12/15/21 15:11:23 Will use TCP to update collector condor01.desy.de
<131.169.56.33:9618?alias=condor01.desy.de>
12/15/21 15:11:23 Will use TCP to update collector
grid-htc-master02.desy.de
<131.169.223.100:9618?alias=grid-htc-master02.desy.de>
12/15/21 15:11:23 Trying to query collector
<131.169.223.100:9618?alias=grid-htc-master02.desy.de>
12/15/21 15:11:23 SharedPortClient: sent connection request to schedd at
<131.169.223.131:9620> for shared port id schedd_3253687_3afb
12/15/21 15:11:23 (6.0) Writing terminate record to user logfile
...

[3] JobRouterLog
12/15/21 15:42:26 Unable to find address of grid-htcondorce1.desy.de at
condor01.desy.de:9618,grid-htc-master02.desy.de:9618
12/15/21 15:42:26 JobRouter
(src=996335.5,dest=1739316.0,route=Local_Condor): failed to remove dest
job: Unable to find address of grid-htcondorce1.desy.de at
condor01.desy.de:9618,grid-htc-master02.desy.de:9618
12/15/21 15:42:26 JobRouter failure
(src=993489.0,dest=1737377.0,route=DESYGRID): giving up, because
submitted job is still not in job queue mirror (submitted 614 seconds
ago).  Perhaps it has been removed?
12/15/21 15:42:26 Can't find address for schedd grid-htcondorce1.desy.de
12/15/21 15:42:26 Unable to find address of grid-htcondorce1.desy.de at
condor01.desy.de:9618,grid-htc-master02.desy.de:9618
12/15/21 15:42:26 JobRouter
(src=993489.0,dest=1737377.0,route=DESYGRID): failed to remove dest job:
Unable to find address of grid-htcondorce1.desy.de at
condor01.desy.de:9618,grid-htc-master02.desy.de:9618
12/15/21 15:42:26 JobRouter
(src=992300.0,dest=1739178.0,route=Local_Condor): dest job was removed!

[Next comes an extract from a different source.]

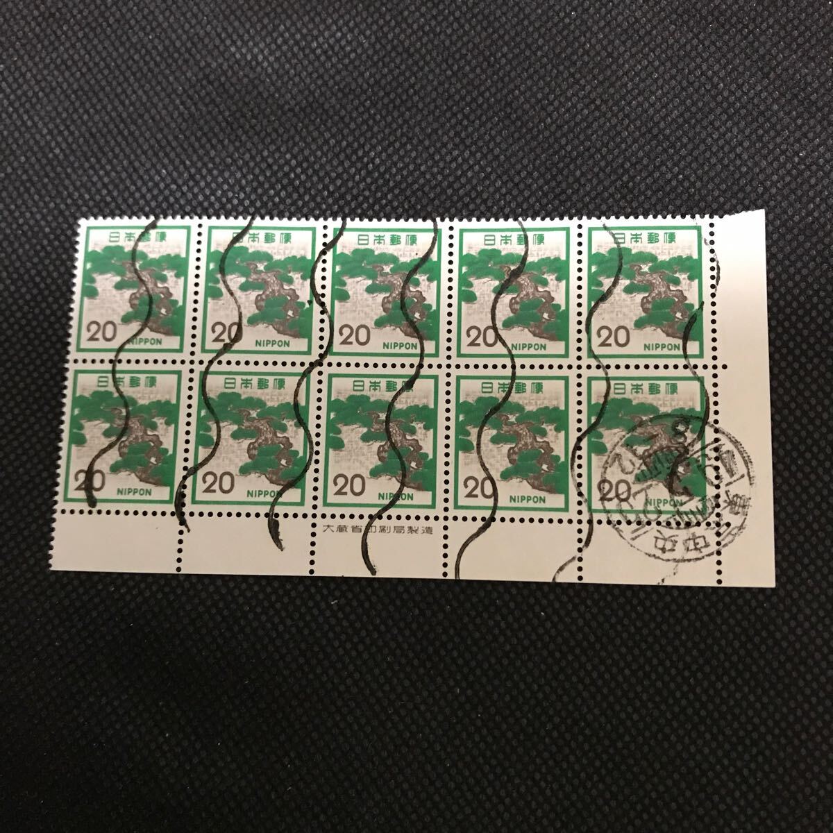 - 【満月印】切手 松 マツ 20円 10枚ブロック 銘版付き

12/15/21 15:42:26 Can't find address for schedd grid-htcondorce1.desy.de
12/15/21 15:42:26 Unable to find address of grid-htcondorce1.desy.de at
condor01.desy.de:9618,grid-htc-master02.desy.de:9618
12/15/21 15:42:26 JobRouter
(src=992300.0,dest=1739178.0,route=Local_Condor): failed to remove dest
job: Unable to find address of grid-htcondorce1.desy.de at
condor01.desy.de:9618,grid-htc-master02.desy.de:9618
12/15/21 15:42:26 JobRouter
(src=991185.0,dest=1739240.0,route=Local_Condor): dest job was removed!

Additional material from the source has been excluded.